Эразмус внезапно выдернул у неё из рук свой журнал.

– Я хочу тебе кое-что показать. В Загадочном лесу. Ты должна это увидеть.

Не дождавшись реакции Поппи, он присел рядом с Черчиллем и принялся чесать ему живот. Мини-пиг повалился на спину, копыта в воздух, и закрыл глаза, будто ему делали массаж глубоких тканей.

Поппи засмеялась.

– Я только предупрежу бабушку, куда мы идём.

Бабушка была рада услышать, что Поппи завела друга, поэтому сказала лишь:

– У тебя же телефон с собой? Не задерживайся допоздна, ладно? Мне понадобится твоя помощь, чтобы снять всё бельё до шести.

Поппи, Эразмус и Черчилль пошли назад по главной улице в сторону церкви и кладбища при ней. Бабушка проводила их взглядом.
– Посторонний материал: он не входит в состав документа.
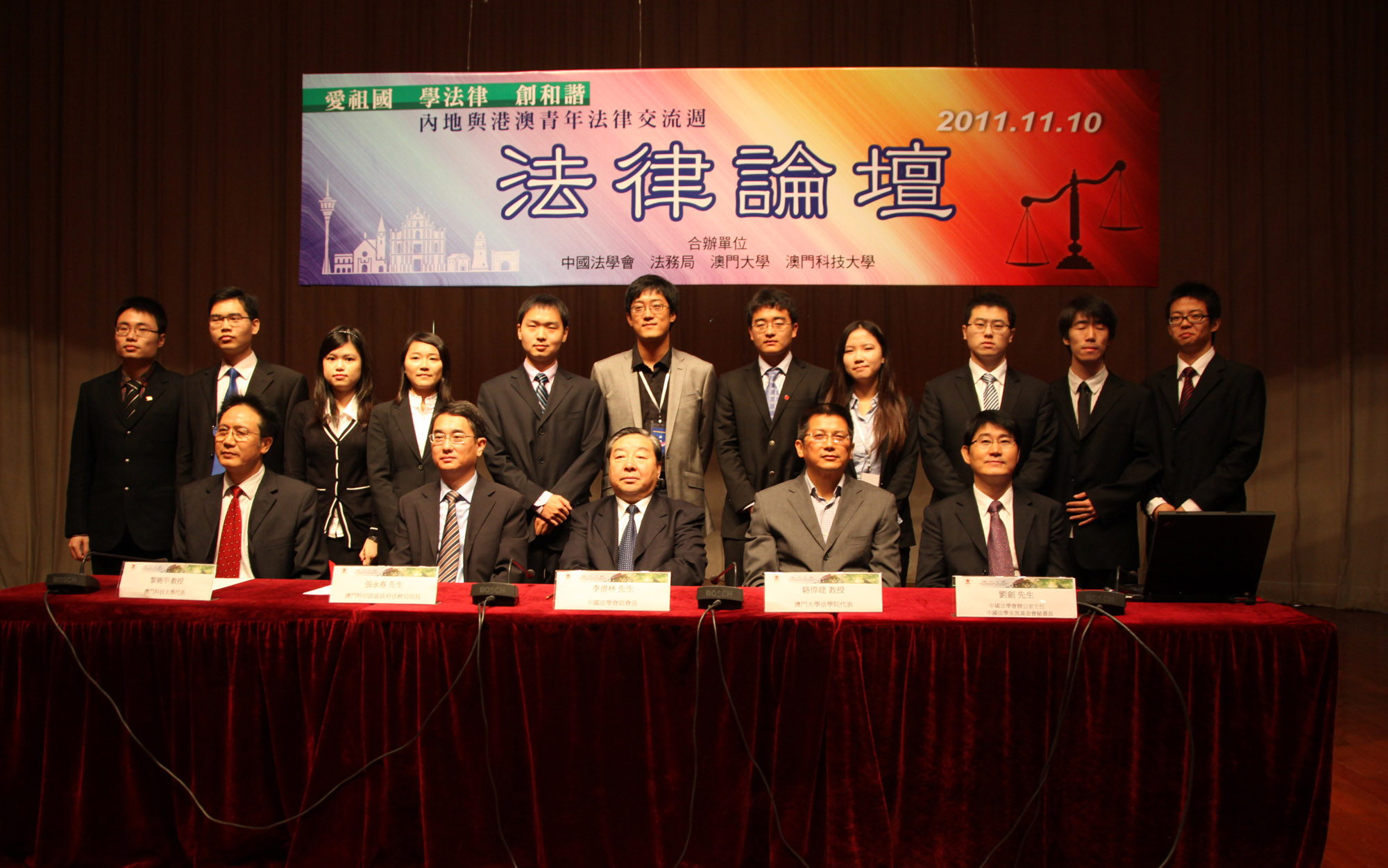 “愛祖國、學法律、創和諧”內地與港澳青年法律論壇由中國法學會、澳門特區法務局、澳門大學、澳門科技大學合辦,於昨日上午十時假澳門大學圖書館STDM演講廳開幕。由中國法學會副會長李清林、澳門特區法務局局長張永春,中國法學會辦公室主任劉劍,澳門大學駱偉建教授,以及澳門科技大學黎曉平教授主禮。
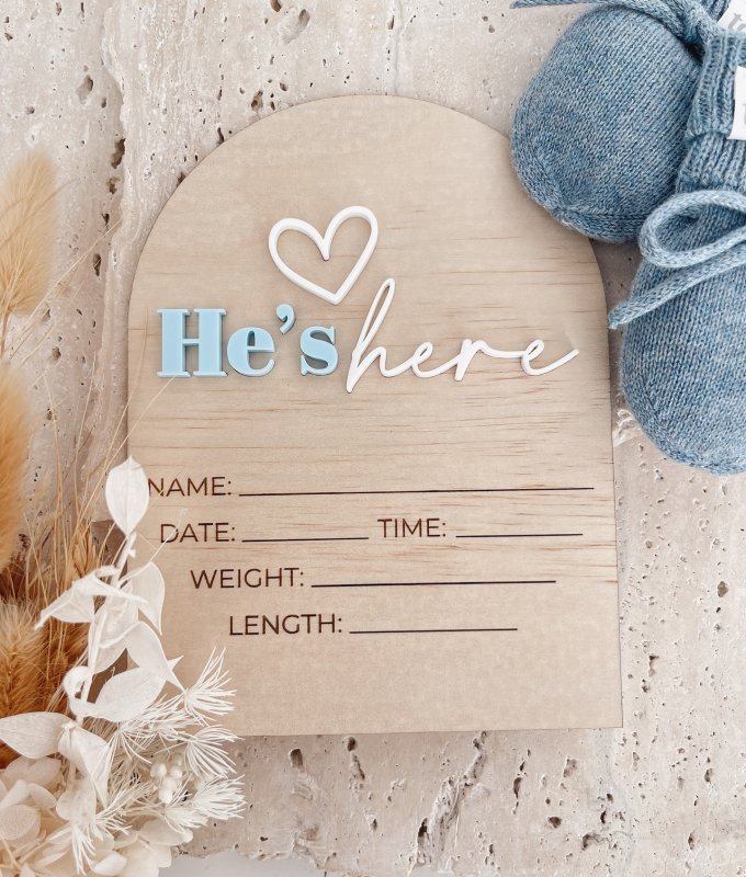 • Elegant Typography : The phrase “He’s here” is engraved in a stylish, modern font, accompanied by a delicate heart symbol, adding a touch of love and tenderness.
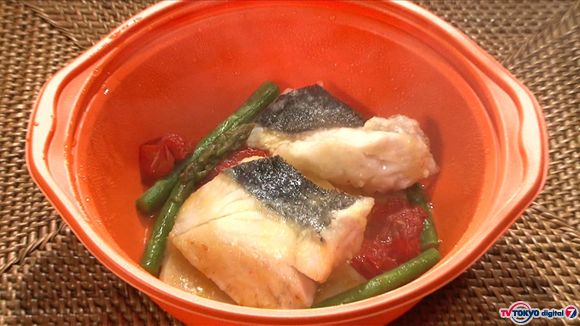 1、スズキは塩をふり10分ほど置いてからペーパーなどで水分を拭き取る。

– Она ходит прямо как её мама когда-то, – сказала она сама себе. – Всегда целеустремлённо, в погоне за ветром.

Эразмус провёл их через погост и луг. Вскоре ребята достигли окраины города, где над дикими кустарниками сплетались ветвями деревья.

Они пошли дальше в лес по не нанесённой на карту тропе, тянущейся вдоль реки.

Черчилль чувствовал себя здесь как дома. Бабушка редко выводила его погулять на природу («Больная нога и всё такое»), и теперь он без остановки носился туда-сюда и принюхивался к поганкам и мху. Поппи разделяла его восторг: она радовалась возможности потоптаться по грязи. Зато Эразмус шагал очень осторожно, и когда они вышли на поляну, его шнурки остались завязанными, а на туфлях не появилось и пятнышка.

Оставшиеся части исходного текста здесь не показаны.